Houston-based ConocoPhillips didn't have to invent a state-of-the-art treasury operation. It already had one, using SAP's treasury and risk management module within its single global SAP ERP system. But it had to clone that operation quickly and seamlessly when the board of directors decided to split the company in two, making ConocoPhillips an independent exploration and production company with $65 billion in projected annual revenue and putting the downstream businesses into a new company, Phillips 66, with projected revenue of about $190 billion. To minimize the changes, the company decided not to use any new systems or providers. But extensive, complex streams of payments and receipts had to be surgically separated so that each company would be operating securely and efficiently from the go-live date of May 1.

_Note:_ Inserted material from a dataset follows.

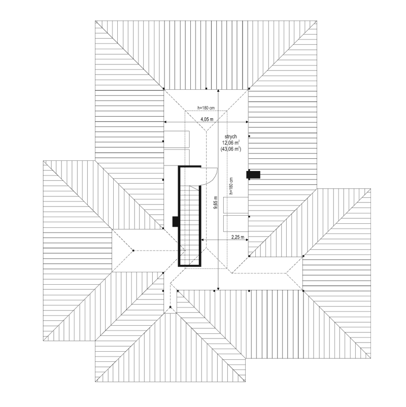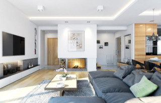 Projekt domu „Dom na Miarę 2” jest nieco powiększoną wersją wariantową projektu Dom na Miarę. Jest to parterowy dom jednorodzinny dla 4- 5-osobowej rodziny - wersja z dwustanowiskowym garażem. Budynek zbudowany jest na rzucie wydłużonego wgłęb działki prostokąta, z dobudowanymi poprzecznymi bryłami salonu z podcieniem i garażu. Dom przykrywa wielospadowy dach o kącie nachylenia 30 stopni. Nad wnętrzem parteru kryje się spory strych, możliwy do zaadaptowania na poddasze. Dom doskonale nadaje się na wąską działkę w wjazdem od południa. Dzięki umieszczeniu większości okien części dziennej na bocznej i frontowej elewacji wnętrze jest idealnie oświetlone, a boczny i wysunięty na front ogródek będzie prawidłowo nasłoneczniony. Dom ma nowoczesny wygład. Główna bryła i detale tworzą ciekawą, a zarazem spokojną architekturę. Wnętrze domu podzielono na części: dzienną, sypialnie i część gospodarczą. Do budynku wchodzimy z przedsionka prosto do holu ze schodami na strych (poddasze). Otwarta przestrzeń salonu, jadalni i kuchni tworzy duże dzienne wnętrze – serce domostwa. Nieco z tyłu zaprojektowaliśmy trzy sypialnie, z garderobami i szafami wbudowanymi, łazienkę i oddzielne wc. Wygodny garaż na dwa auta + przestrzeń gospodarczo-magazynowa dopełniają wnętrze parteru. Na górze mamy jeszcze duży strych, który może służyć jako domowy magazyn, lub można go wykorzystać na cele użytkowe - do wyboru. Dom powinien być niedrogi z budowie i późniejszym utrzymaniu. „Dom na Miarę” jest energooszczędny - ma bardzo dobre ocieplenia przegród. Łatwo można go dostosować do standardu NF40. Zapraszamy do zapoznania się z pełną ofertą pracowni MG Projekt: Dom na miarę.

A global treasury separation project team started working in January with the company's three banks, J.P. Morgan, Bank of America Merrill Lynch and Deutsche Bank. "All receipts and disbursements, including lockbox, wires, checks and ACH activities, had to be coordinated across the various groups," notes Tammy Burks, director of cash and reconciliations at Conoco. "Because transactions were commingled under ConocoPhillips' pay-and-receive-on-behalf-of structure, a whole year's worth of data from more than 700 accounts globally had to be analyzed to identify each bank account's activity and supporting processes."
The team scrupulously captured a detailed inventory of every account type, file format, data integration requirement and connectivity protocol, segregated according to which company each would belong to. Bank accounts associated with downstream businesses migrated to Phillips 66, while those that were commingled or associated with the upstream business remained with Conoco-Phillips. New accounts were established as needed. It helped that treasury had spent the last three years standardizing transactional processing tools and processes across the globe.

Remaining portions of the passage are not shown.